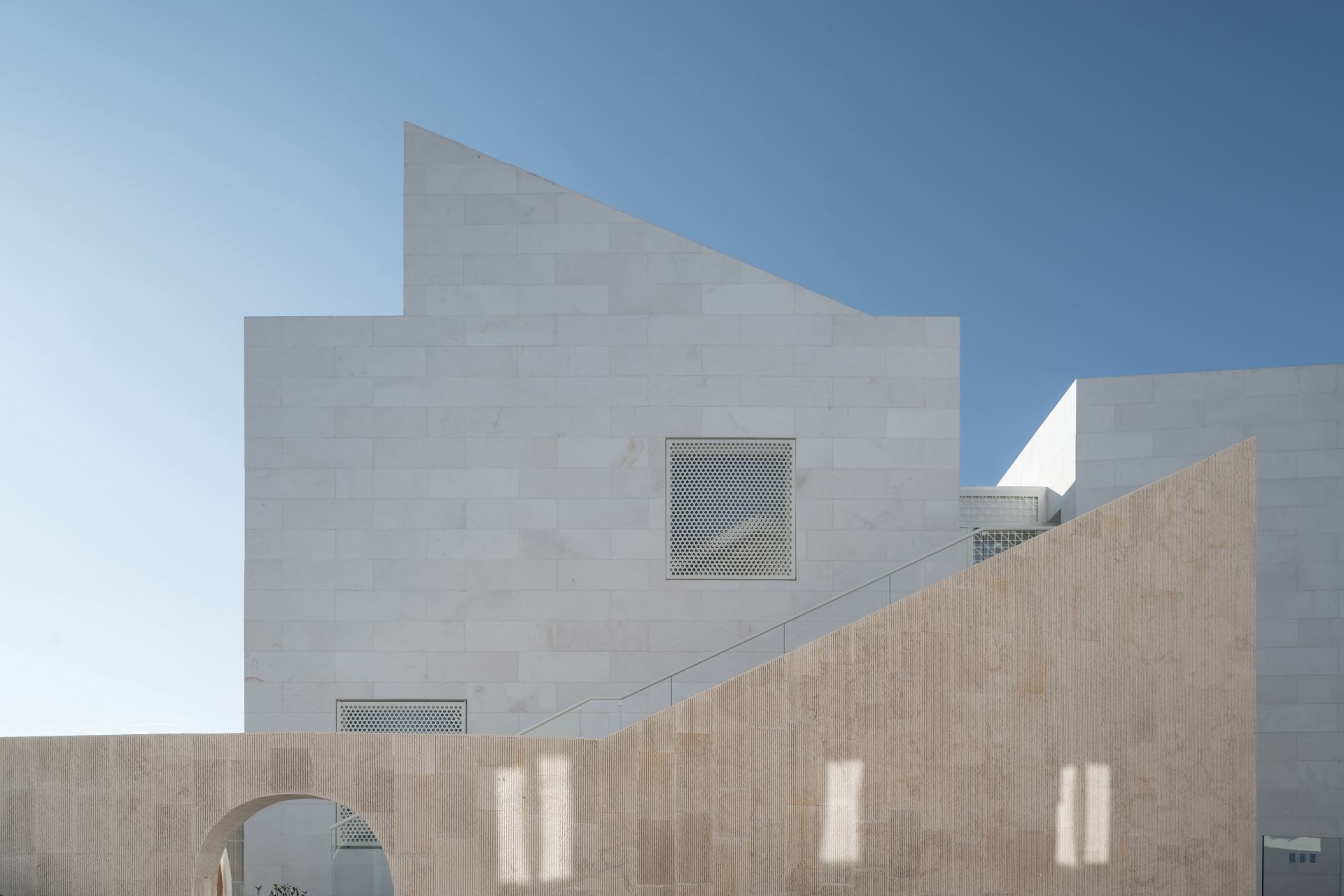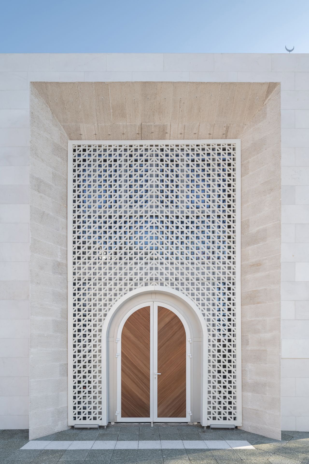 Otvori na fasadi su pažljivo dozirani kako bi se obezbedila potrebna količina svetlosti, a ujedno i intima u prostoru. Preko prozora i vrata su projektovane pozicije od geometrizovanih arabesknih motiva koji doprinose razumevanju osnovne funkcije objekta.
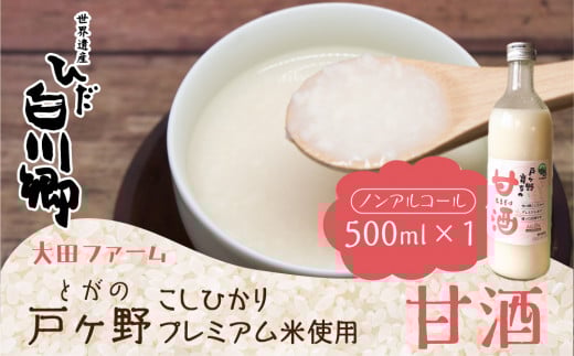 白川郷産 こしひかり使用 甘酒 500ml×1本 あま酒 あまざけ ノンアルコール 戸ヶ野 こしひかり 大田ファーム 米麹 岐阜県 白川村 5000円 [S430]
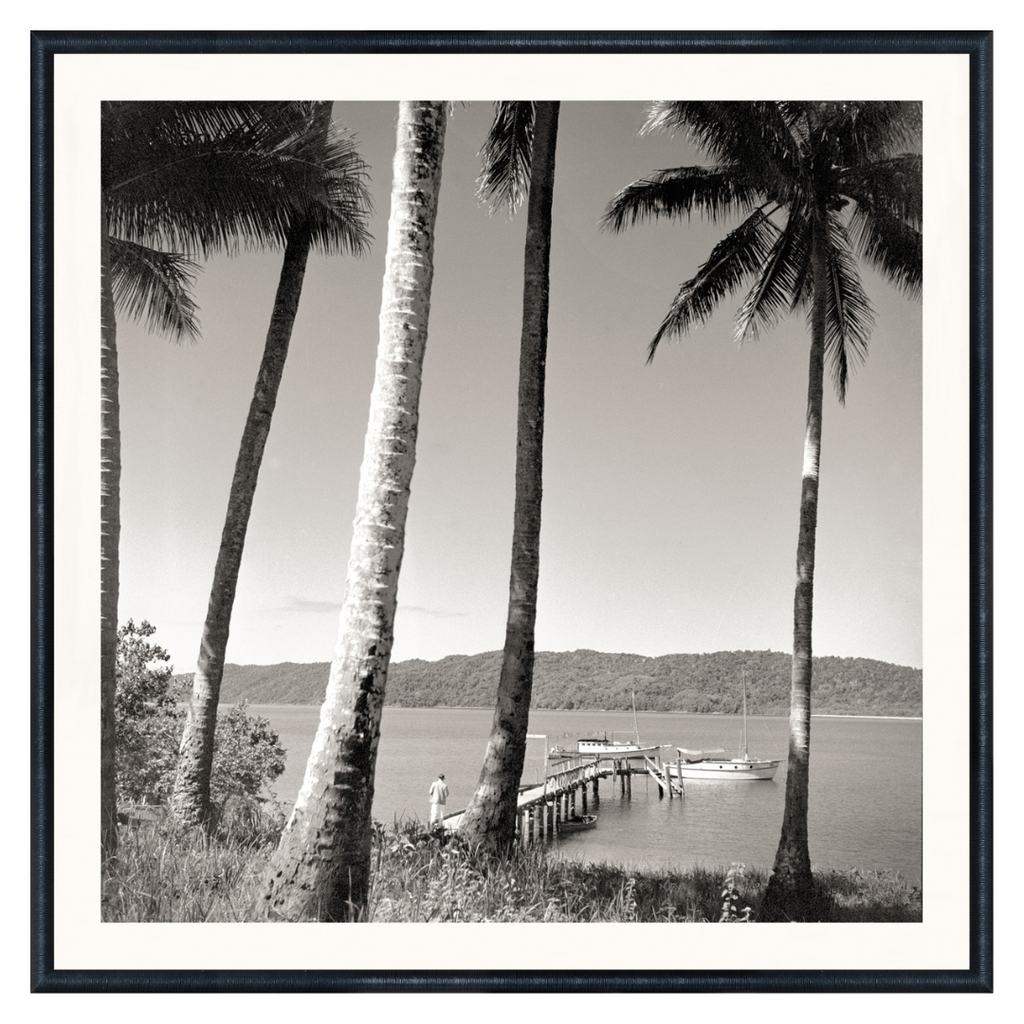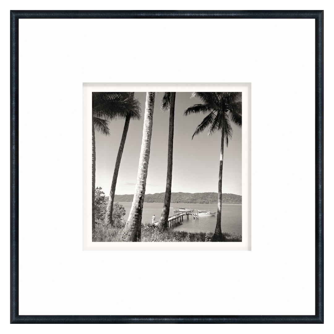 Idealized nostalgia, captured in black and white photography from the mid 20th century. Framed in a black moulding with a linear texture.
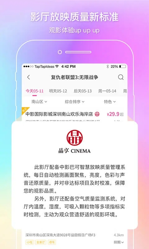 中国电影通是款全新的电影院手机应用软件,在使用的过程中我们可以看到各种电影的详细信息和观看体验。帮助我们快速找到自己想要看的电影类型进行在线观看吧,喜欢的朋友不妨速速下载吧!
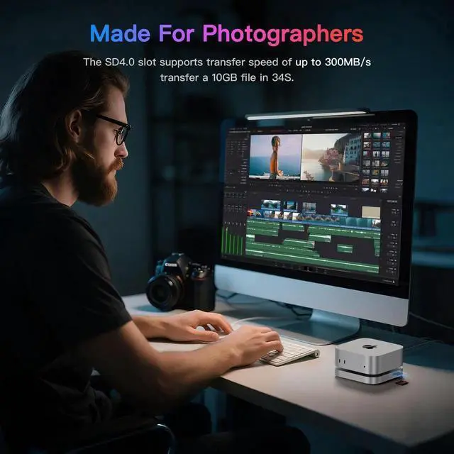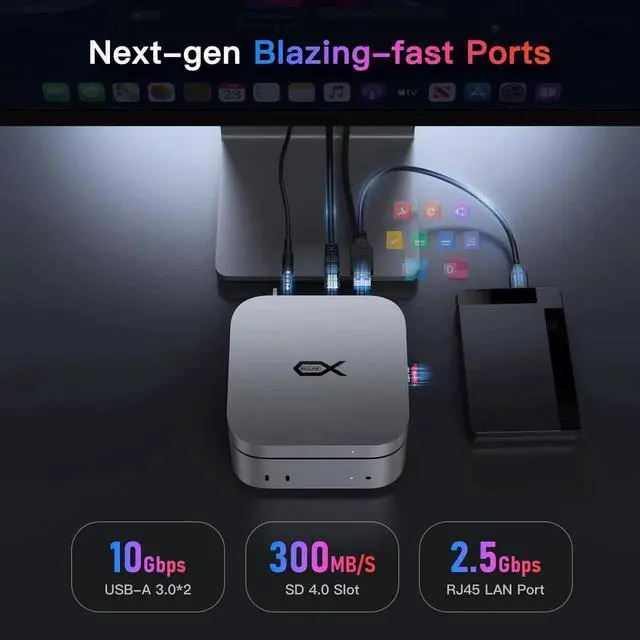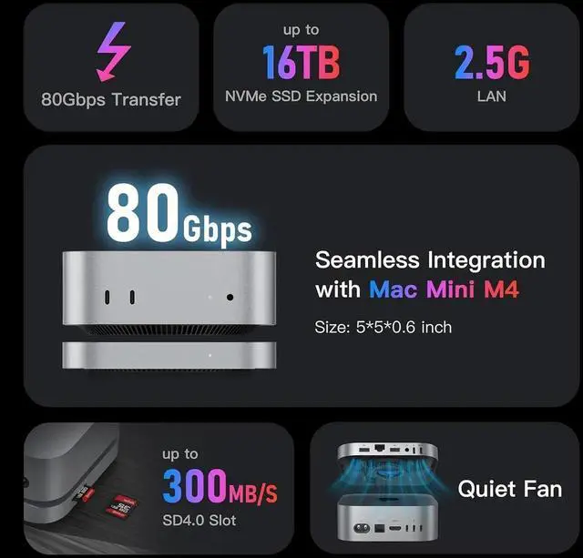 Mac mini M4 Dock, Beelink Mate Mini-A 80Gbps Docking Station, 2*M. 2 PCIex2 SSD Slots, max 16TB Expansion, SD 4.0 Card Slot, 2.5G LAN, 15W USB C PD 3.0 Port, 2*USB A 10Gbps, 3.5 mm Audio
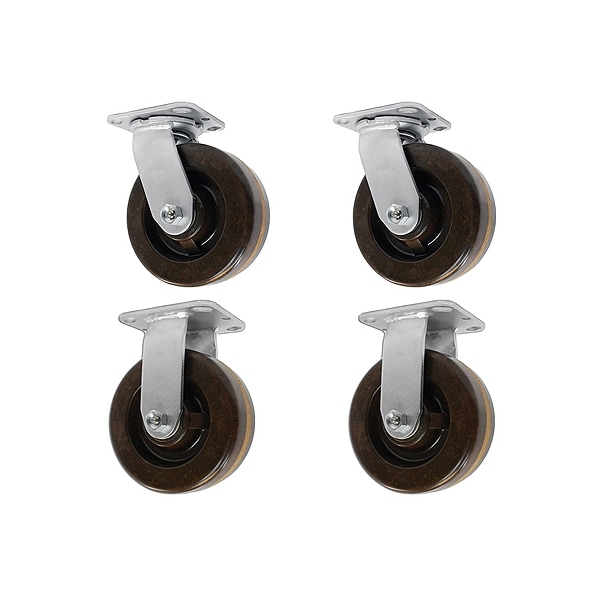 5" X 2" High Temperature Phenolic Wheel, 2 Swivel And 2 Rigid, 2,400 lbs Capacity Per Set of 4
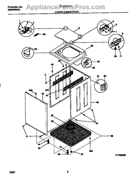 This genuine OEM part is a washer lid. The washer lid is the main piece that covers the washer. Over time, a washer lid can become damaged to the point where it no longer closes securely. If the washer lid is no longer closing all the way or is severely cracked or damaged, it will need to be replaced.To replace this part, start by making sure the washer is unplugged. After it has been powered off, proceed to take a putty knife to lift to release the two retaining clips that secure the washer's main top. Once released, proceed to remove the lid lock assembly wire connector. Fully remove the main top and set it upside down. Release the tension on the lid springs and detach the springs from the main top and hinge bars. Using a Phillips head screwdriver, remove the screws that secure the hinge bars to the lid. Push the hinge bars through the bearings then twist the bars to remove them. This will separate the lid from the main top. Take the new lid and align it with the main top. Insert the hinge bar between the main top and bearing while threading the screws to secure the new top. Reinstall the top panel and connect the wire harness. This replacement part is sourced directly from the manufacturer and is compatible with Frigidaire, Electrolux, Gibson, Kelvinator, and Westinghouse brand washers.
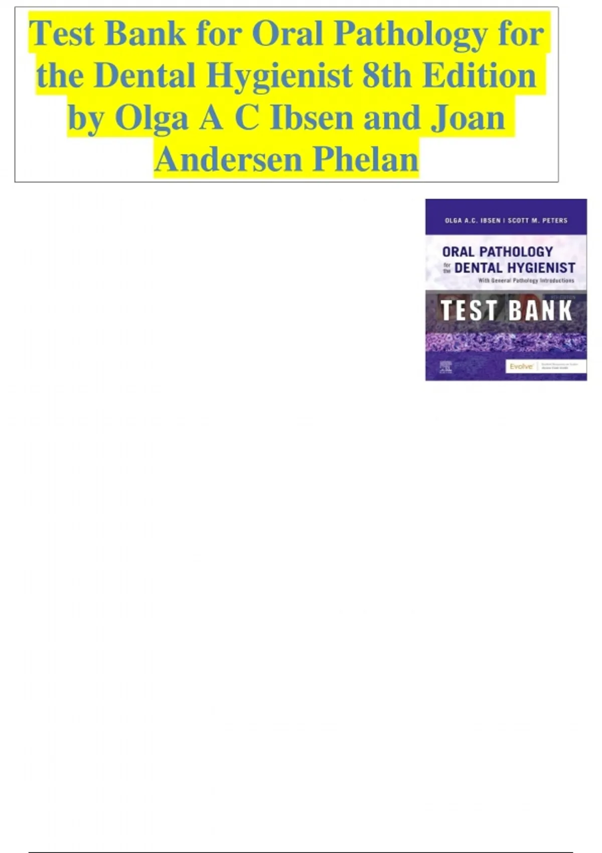 test bank for Oral Pathology for the Dental Hygienist (8th Edition) by Olga A. C. Ibsen and Joan Andersen Phelan. Includes multiple-choice questions and answers covering all textbook chapters — ideal for exam prep, quizzes, and dental hygiene review.

○ ○ ○ ○

● **Your task**
Pictures aside, return all of the material exactly as written.

● **Answer space**
 Otvori na fasadi su pažljivo dozirani kako bi se obezbedila potrebna količina svetlosti, a ujedno i intima u prostoru. Preko prozora i vrata su projektovane pozicije od geometrizovanih arabesknih motiva koji doprinose razumevanju osnovne funkcije objekta.
 白川郷産 こしひかり使用 甘酒 500ml×1本 あま酒 あまざけ ノンアルコール 戸ヶ野 こしひかり 大田ファーム 米麹 岐阜県 白川村 5000円 [S430]
 Idealized nostalgia, captured in black and white photography from the mid 20th century. Framed in a black moulding with a linear texture.
 中国电影通是款全新的电影院手机应用软件,在使用的过程中我们可以看到各种电影的详细信息和观看体验。帮助我们快速找到自己想要看的电影类型进行在线观看吧,喜欢的朋友不妨速速下载吧!
 Mac mini M4 Dock, Beelink Mate Mini-A 80Gbps Docking Station, 2*M. 2 PCIex2 SSD Slots, max 16TB Expansion, SD 4.0 Card Slot, 2.5G LAN, 15W USB C PD 3.0 Port, 2*USB A 10Gbps, 3.5 mm Audio
 5" X 2" High Temperature Phenolic Wheel, 2 Swivel And 2 Rigid, 2,400 lbs Capacity Per Set of 4
 This genuine OEM part is a washer lid. The washer lid is the main piece that covers the washer. Over time, a washer lid can become damaged to the point where it no longer closes securely. If the washer lid is no longer closing all the way or is severely cracked or damaged, it will need to be replaced.To replace this part, start by making sure the washer is unplugged. After it has been powered off, proceed to take a putty knife to lift to release the two retaining clips that secure the washer's main top. Once released, proceed to remove the lid lock assembly wire connector. Fully remove the main top and set it upside down. Release the tension on the lid springs and detach the springs from the main top and hinge bars. Using a Phillips head screwdriver, remove the screws that secure the hinge bars to the lid. Push the hinge bars through the bearings then twist the bars to remove them. This will separate the lid from the main top. Take the new lid and align it with the main top. Insert the hinge bar between the main top and bearing while threading the screws to secure the new top. Reinstall the top panel and connect the wire harness. This replacement part is sourced directly from the manufacturer and is compatible with Frigidaire, Electrolux, Gibson, Kelvinator, and Westinghouse brand washers.
 test bank for Oral Pathology for the Dental Hygienist (8th Edition) by Olga A. C. Ibsen and Joan Andersen Phelan. Includes multiple-choice questions and answers covering all textbook chapters — ideal for exam prep, quizzes, and dental hygiene review.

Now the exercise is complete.